New Features, Tools, and Our Podcast: The Babble
The Babble: Residual Stream's Podcast by NotebookLM
Before diving into Neuronpedia updates, we're introducing The Babble, a AI-hosted podcast generated by NotebookLM, where each episode is based on a Residual Stream post - including this one. It's a light and casual way to consume Neuronpedia updates - check it out and let us know what you think!
🔊 Ep. 1 - Open Sourcing Neuronpedia (Previous Post) - [Apple] [Spotify]
🔊 Ep. 2 - A Bunch of Updates + Podcast (This Post) - [Apple] [Spotify]
Podcast Links: Apple Podcasts | Spotify | Podcast RSS
Of course, you can still subscribe to our regular text RSS, which is manually written by a human.
TL;DR
- New Stuff
- TopK Search By Token: Find, filter, and sort top features/latents by token. [Demo] [Try It] [API]
- Matryoshka SAEs: Trained by David Chanin, absorption paper author. [Demo] [Browse] [LW] [HF]
- Probity: Python library to generate and use probes on Neuronpedia. [Github] [Demo]
- New Auto-Interp Models: GPT-4.1, o3/o4-mini, Claude 3.7 Sonnet/3.5 Haiku. [Example]

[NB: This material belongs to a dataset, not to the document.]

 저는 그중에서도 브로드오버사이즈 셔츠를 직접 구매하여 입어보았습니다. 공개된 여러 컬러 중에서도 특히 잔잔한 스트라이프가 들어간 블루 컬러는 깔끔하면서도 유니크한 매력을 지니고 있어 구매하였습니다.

- Domain: Neuronpedia supporter @sheikheddy generously donated residual.stream. Thanks! 🤩
- Stuff We're Working On: Making Development Suck Less, Docs, Tests, etc. [Github]
- Asks: Feedback, Feature Requests, Collaborations. [Contact]

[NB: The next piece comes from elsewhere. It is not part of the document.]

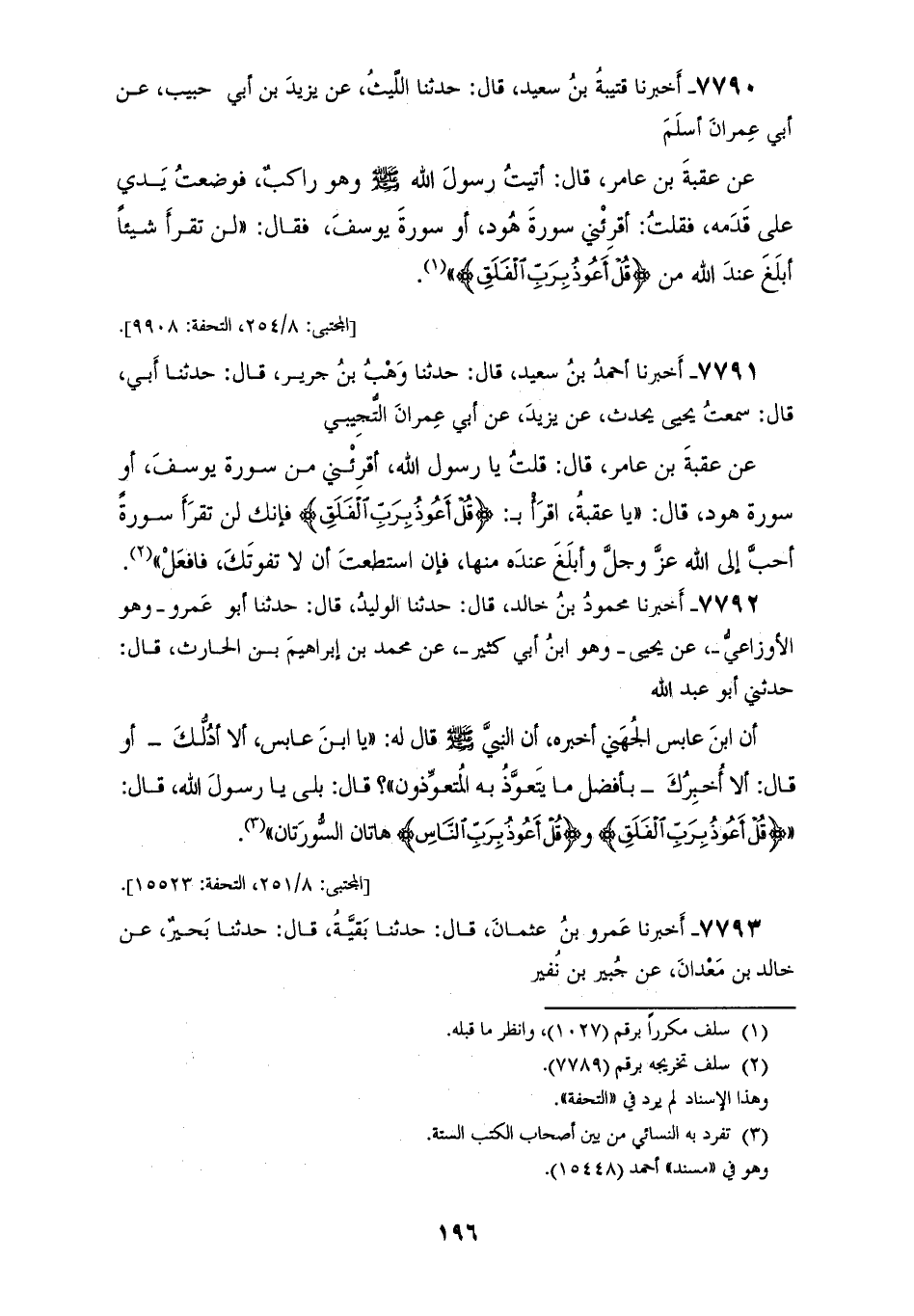 7790 - أَخْبَرَنَا قُتَيْبَةُ بْنُ سَعِيدٍ، قَالَ: حَدَّثَنَا اللَّيْثُ، عَنْ يَزِيدَ بْنِ أَبِي حَبِيبٍ، عَنْ أَبِي عِمْرَانَ أَسْلَمَ، عَنْ عُقْبَةَ بْنِ عَامِرٍ، قَالَ: أَتَيْتُ رَسُولَ اللهِ صَلَّى اللهُ عَلَيْهِ وَسَلَّمَ وَهُوَ رَاكِبٌ فَوَضَعْتُ يَدَيَّ عَلَى قَدَمِهِ فَقُلْتُ: أَقْرِئْنِي سُورَةَ هُودٍ أَوْ سُورَةَ يُوسُفَ، فَقَالَ: «§لَنْ تَقْرَأَ شَيْئًا أَبْلَغَ عِنْدَ اللهِ مِنْ قُلْ أَعُوذُ بِرَبِّ الْفَلَقِ»

Feature: TopK Search By Token
[Try It: Click "Random"] [API + Docs]
Background
Previously, there were two ways to search AI internals. You could "Search Explanations", which searches all the auto-interp labels for latents/features. You could also "Search via Inference", which would give you the top features by activation that fired for a custom phrase. But this method of searching was sort of annoying if you only cared about specific tokens (you had to manually filter afterward).
Description
Today, we're adding "TopK Search by Token", which is similar to Search via Inference, except it allows you to quickly zoom in on the top activations for each token, instead of the whole text. It also supports better filtering and sorting. A list of functionalities:
- Custom Text: Enter whatever text you want, or use a random preset to quickly get started.
- Per-Token Detail: Hover over the tokens in the results to see the top activating features/latents for that token. Click a token to lock/unlock it in the UI.
- Per-Feature/Latent Detail: Hover over a feature/latent to see which tokens activated it. Click a feature/latent to get the feature dashboard popup, where you can test and steer that specific feature without leaving the results.
- Filtering and Sorting
- Filter By Density: Some features/latents fire too frequently, adding too much noise to results (for example, a feature that fires of "beginning of sentence"). You can use the Density Threshold slider to hide features that activate too frequently.
- Filter Out BOS: The BOS (beginning of sentence) tokens can have such high activation values that they drown out other results. Use "Show/Hide BOS" to turn these off.
- Sort by Frequency, Max Activation, and Density: By default, the results sort by Frequency (number of tokens that activated on the feature/latent).
- Sharable Results: Search results automatically update the URL, so if you want to share the results, just copy the URL to share it with someone.
- API: This functionality is available via our API - see docs and pregenerated code here.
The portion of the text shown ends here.